Кисть упёрлась в лист. На белоснежном просторе явилась тёмная точка. Кисть не двигалась. Рука начинала дрожать.
«Нет! Лучше карандашом» – подумал художник, отшатываясь назад.
Сточенный стержень брошен. Прошёлся, взял его… хотел начать.
Чёрная клякса осталась на холсте.
«Так не пойдёт».
Пришлось снимать лист, доставать другой, выставлять на подрамник.
Сбивало.
Мысли вязкие. Казалось, что творчество становится рутиной. И нет ничего хуже, чем белый лист.

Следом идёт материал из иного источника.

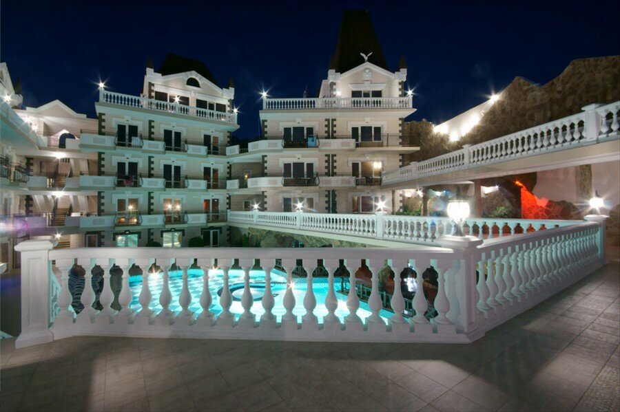 - Чистота во всем отеле.; Виды на море и горы.; Комфортные номера.; Красивая стилизация отеля (под замок).; Хорошая анимация (отдельно отмечен аниматор Дмитрий).
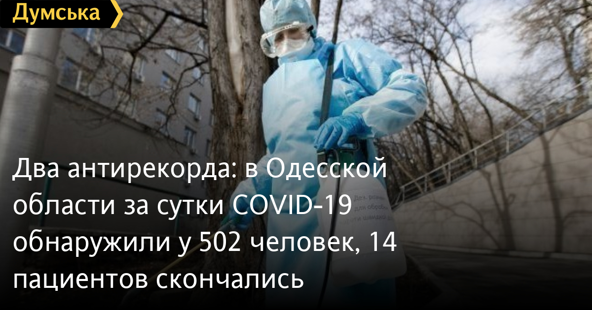 Два антирекорда: в Одесской области за сутки COVID-19 обнаружили у 502 человек, 14 пациентов скончались15 октября в Одесской области выявили пока что самое большое количество инфицированных COVID-19 за сутки – 502 новых пациента. Общее число инфицированных в регионе с начала пандемии достигло 18013 человек. Как сообщили в Минздраве, Одесская область оказалась на втором месте в стране по распространению «ковида». Больше новых случаев вчера было только в Харьковской области – 544. Также Одесская область «лидирует» по количеству смертей от осложнений коронавируса. Вчера область также поставила антирекорд по смертности – 14 летальных исходов за день. Больше было только в Киеве – 22. Данных о количестве выздоровевших вчера нет. Число подозрений увечилось на 502 (19792 за все время наблюдений). СМЕРТЬ РОСІЙСЬКИМ ОКУПАНТАМ! Помітили помилку? Виділяйте слова з помилкою та натискайте control-enter Новини по цій темі: 4 березня 2023: "Вакцини-довгожителі", або Як щеплення проти COVID-19 перетворилися в Україні на небезпечний ритуал 27 січня 2023: МОЗ зобов`язали опублікувати договори на закупівлю вакцин проти COVID-19: апеляційний суд задовольнив позов журналіста "Думської" 11 січня 2023: За тиждень в Одесі зафіксовано 159 випадків ковіду 4 січня 2023: За тиждень в Одесі зареєстровано 113 випадків ковіду |
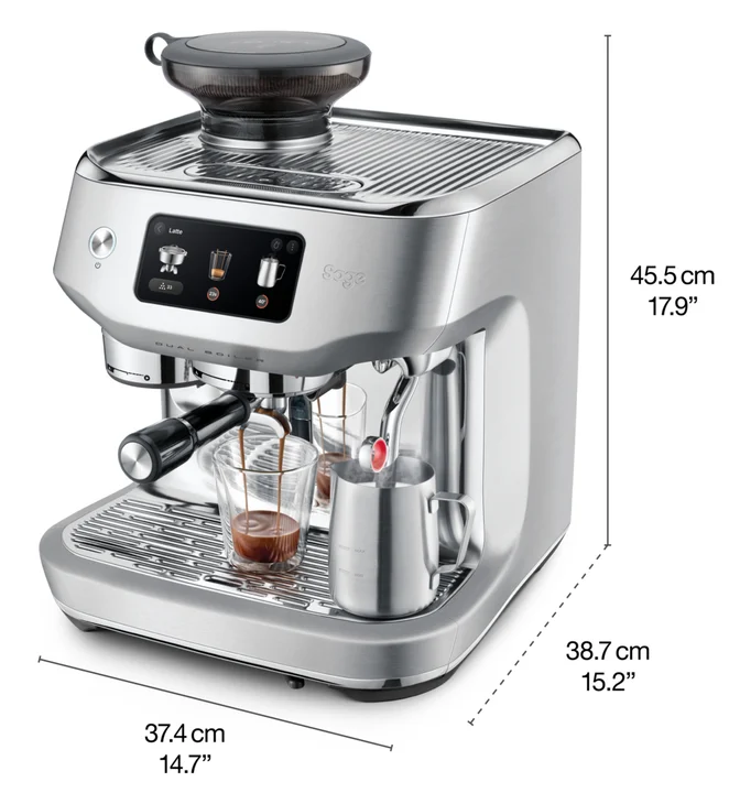Die Sage Oracle Dual Boiler ist eine High-End-Siebträgermaschine, die mit einigen smarten Features punktet. Dank ihrer umfangreichen Assistenzsysteme erleichtert sie Einsteigern die Nutzung erheblich, während erfahrene Baristas in den manuellen Einstellungen ihren Vorlieben bei der Feinjustierungen voll ausleben können. Das große Touchdisplay und die integrierte Mahlwerk- und Tamping-Technologie sorgen für eine bequeme Handhabung und präzise Espressoergebnisse. Diese Maschine ist ideal für Haushalte, die eine moderne Kaffeeerfahrung für daheim suchen und bereit sind, dafür etwas tiefer in die Tasche zu greifen.Vorteile
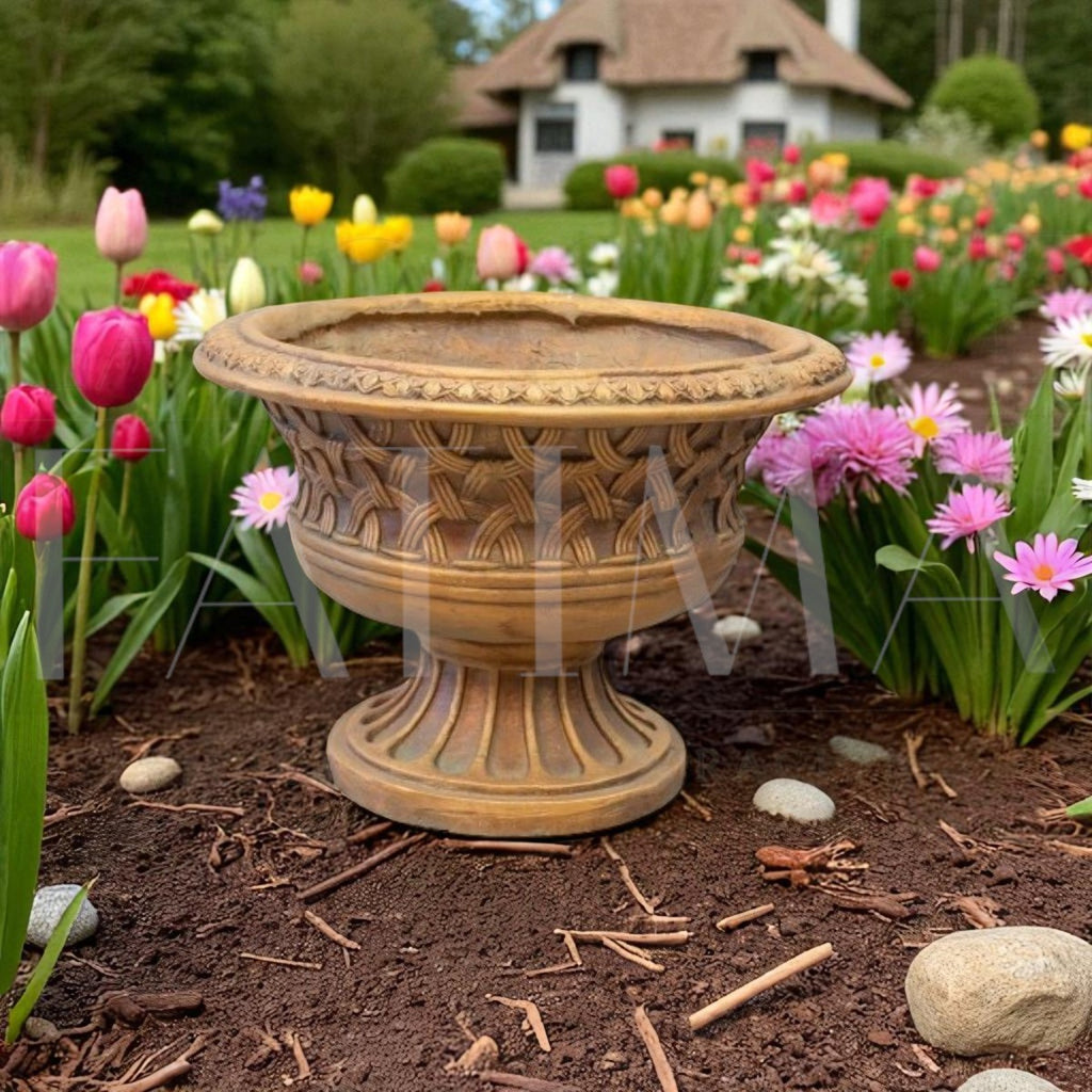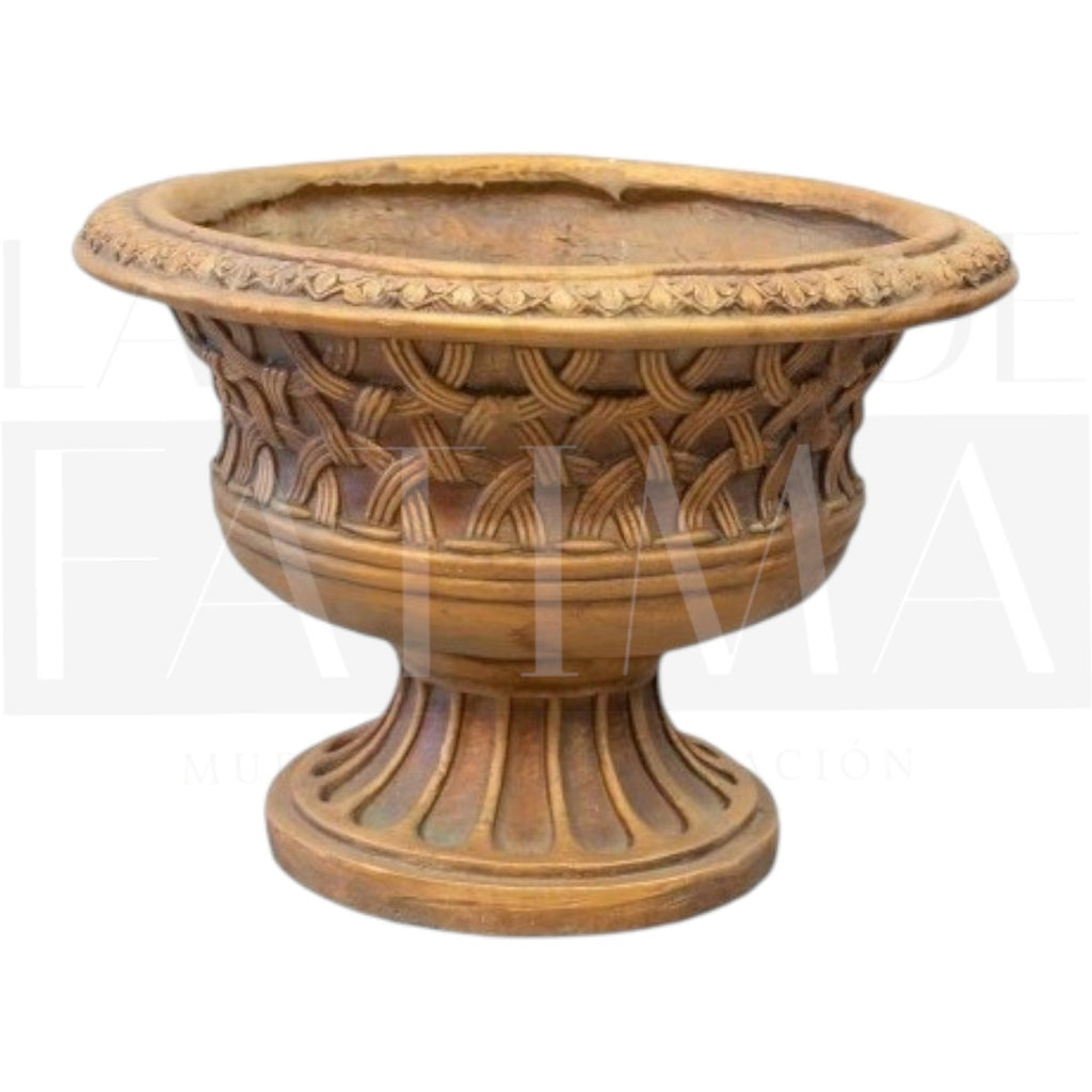 Elegancia clásica para tu casa o jardín. Esta maceta de poliresina luce un acabado dorado envejecido y un relieve entramado que resalta la forma de copa sobre pedestal.

«Вот как, – мысленно сопровождал мастер движения карандаша, – теперь сюда. Абрис1, поворот, главное сделать округлым. Давай… выше…
Дерьмо!»
Графит улетел в стену. На кровати сидел не художник, а мужчина лет сорока, уставший, зевающий и злой.
Борис Музин морщил остренький нос и думал о несправедливости мира, и за мыслью этой явились две глубокие морщины по обеим щекам. Руки его, будто для вида замаранные в акварели, трепетно открывали пачку сигарет. И пока он дымил в открытое окно, вокруг представала маленькая комната общежития с зелёными стенами.
На улице стояла летняя жара, какую ещё помнят по поэтичному 21 году 21 века; сигаретный дым не летел, клубясь вокруг.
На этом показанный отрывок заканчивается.